The data Block Start

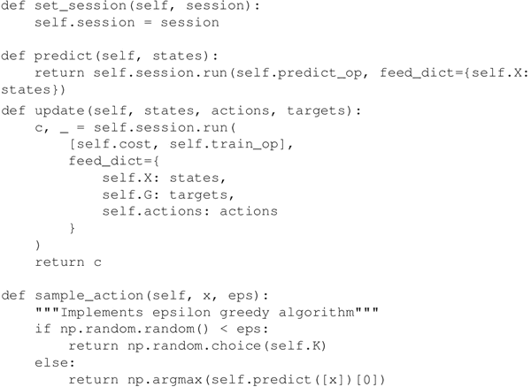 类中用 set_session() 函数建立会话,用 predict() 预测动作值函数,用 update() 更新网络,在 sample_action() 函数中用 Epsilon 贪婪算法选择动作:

The data Block End
The data Block Start

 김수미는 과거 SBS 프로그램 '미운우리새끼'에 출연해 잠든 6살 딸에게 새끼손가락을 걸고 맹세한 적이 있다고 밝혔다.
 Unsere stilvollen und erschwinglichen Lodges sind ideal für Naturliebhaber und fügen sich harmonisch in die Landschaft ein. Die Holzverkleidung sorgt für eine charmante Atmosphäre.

The data Block End

* _Work item_: Give back, exactly as written, the stretch from the line with "김수미는 과거 SBS" through the line with "Unsere stilvollen und", and no other lines from the records above.

* _Answer to this exercise_:
 김수미는 과거 SBS 프로그램 '미운우리새끼'에 출연해 잠든 6살 딸에게 새끼손가락을 걸고 맹세한 적이 있다고 밝혔다.
 Unsere stilvollen und erschwinglichen Lodges sind ideal für Naturliebhaber und fügen sich harmonisch in die Landschaft ein. Die Holzverkleidung sorgt für eine charmante Atmosphäre.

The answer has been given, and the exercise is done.